Korea’s very first soju production company was a machine operated factory in Pyeong Yang opened in 1919. Then in 1924, the famous Jinro Soju made its appearance in Pyeongnam. Jinro relocated to Seoul after the Korean War and is the most widely consumed soju to this day.
Behind the Blue Bottle
Most come in green bottles today, but before the bottles became green their blue bottle was even more popular. In Korean people’s memories, the blue soju bottle was what consolidated them during the Japanese regulation and pressure as well as throughout the war. Behind that blue bottle lies for people the sentiment that derives from always having had something to long for: mother country, home, freedom, culture, root, and identity.
In 2019, Jinro reinterpreted that long line of heritage and brought back the blue bottle with the intention to give people the nostalgic feeling. This is probably the most popular soju enjoyed today.

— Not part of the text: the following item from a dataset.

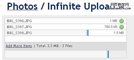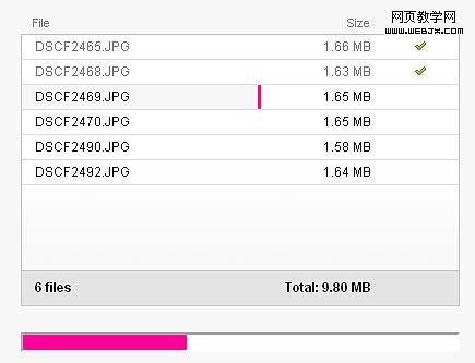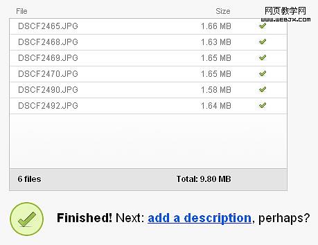 大部分領先的照片上傳采用的都是flash上傳工具,如上圖,這是在現有技術條件下實現功能跨平台浏覽器的最佳方案了,眾所周知,不同浏覽器對於 web代碼的解析都不同,Flash成為現今唯一一個跨平台的通用表現途徑。從交互設計上,這種上傳滿足了所有上傳所需要關注的關鍵字:文件名,文件大小,上傳進度提示。比較遺憾的是,並沒有提示具體的上傳速度和上傳時間,當用戶上傳的圖片數較多的時候,就會出現等待不耐煩的情況了。
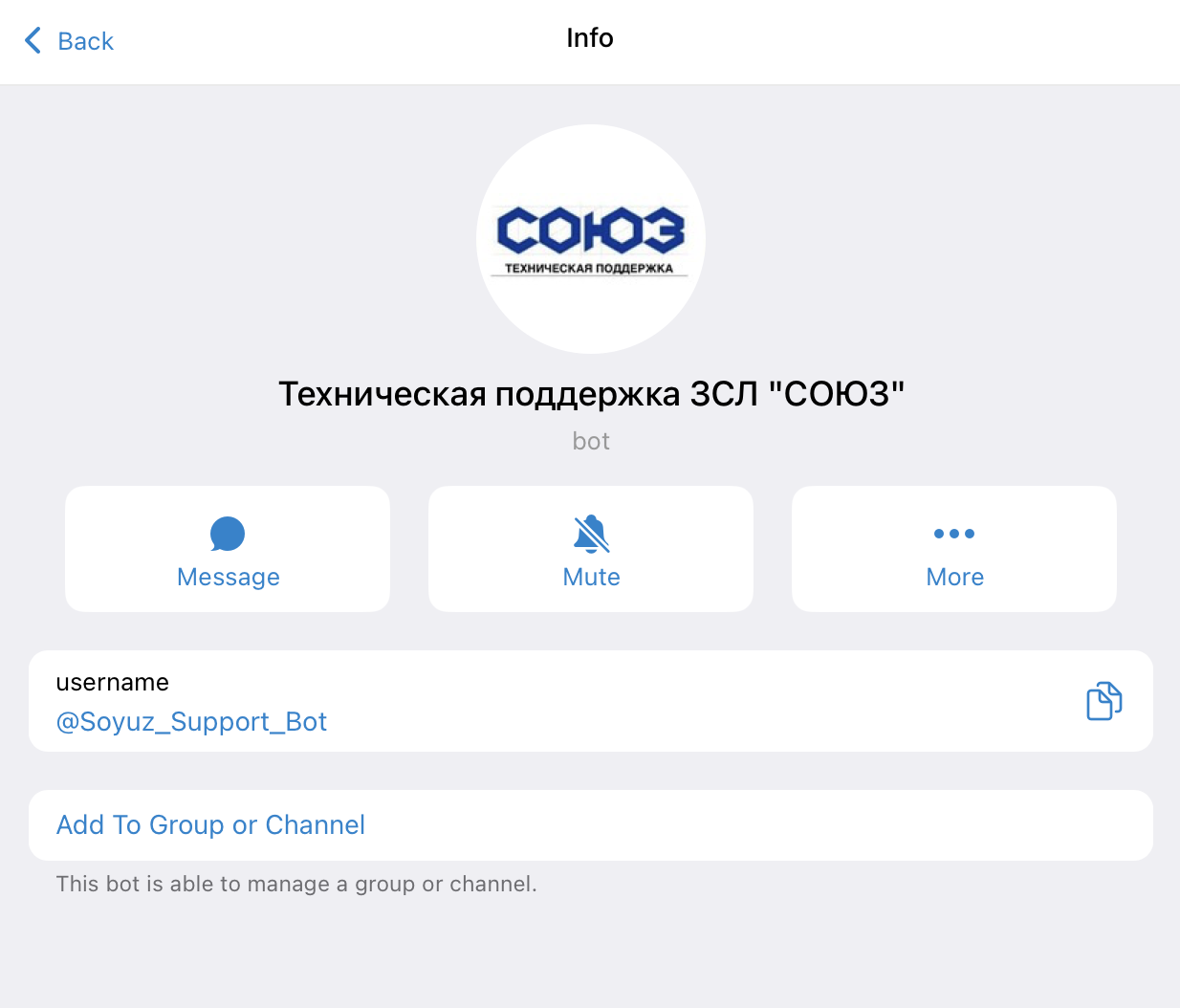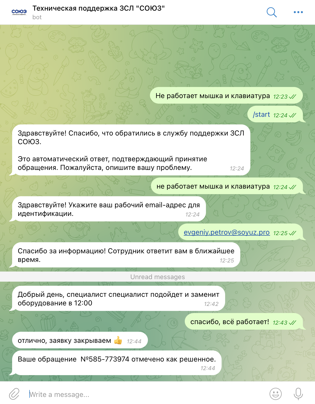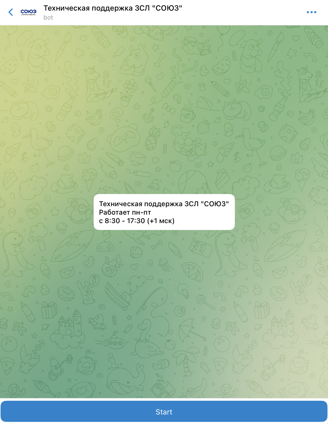 • Telegram бот по ссылке https://t.me/Soyuz_Support_Bot или поиском в телеграм по имени @Soyuz_Support_Bot

Like it did in the past, soju is still there in the good days and bad days of people’s lives. Many people like to hang out with friends or talk over a shot of soju after work. There is something about this drink that makes it easier for people to open up about themselves. The conversations that travel back and forth between friends or someone that you share the drink with becomes deep, honest, and real. Soju is there in between celebrations, consolidations, appeasement, or support. People stressed out from work forget about all the stress and pressure for that moment or even find solutions. People receive support to overcome challenges or hurdles. In the cycle of people’s unpredictable, versatile life, soju has always been there.
Appearance of Different Types of Soju
A few months ago, in February, 2022, a unique type of soju was developed by Jay Park. He positioned the drink as a premium, high-quality soju costing nearly 14,900 KRW (approximately $16 USD). This is extremely costly for a bottle of soju compared to regular soju, which is usually around 2,000 KRW (approximately $2 USD). Jay Park’s Won Soju is different in that it is a distilled type while all the other more common soju is diluted, and his is made with local rice. I also agree and respect Jay Park’s effort to try to share “various beauties of diluted alcohol," nut I am still curious to know Jay Park’s thoughts on the role he considers Won Soju to play in society, the people’s culture, and what he envisions his soju to be. I wonder about this only because I can’t help but think that it goes against everything that soju has been representing for people so far–the sentiment, the feelings of the regular people whose life may well have easily been more of enduring than enjoying.
Aside from Won Soju, different types of soju has been produced. Cocktail soju is soju with different flavors such as grapefruit, peach, grape, strawberry, apple, yogurt, and more. Jinro came out with flavored soju: Chamisul Grapefruit, Chamisul Green Grapes, Chamisul Plum, and Chamisul Strawberry.
Soju production is still ongoing and soju brands are always trying to produce something different, something new that people can enjoy. I believe that is the essence of soju: it is for people. For all people to enjoy the good times and the bad. That has always been the philosophy, and the heritage must be maintained and carried on.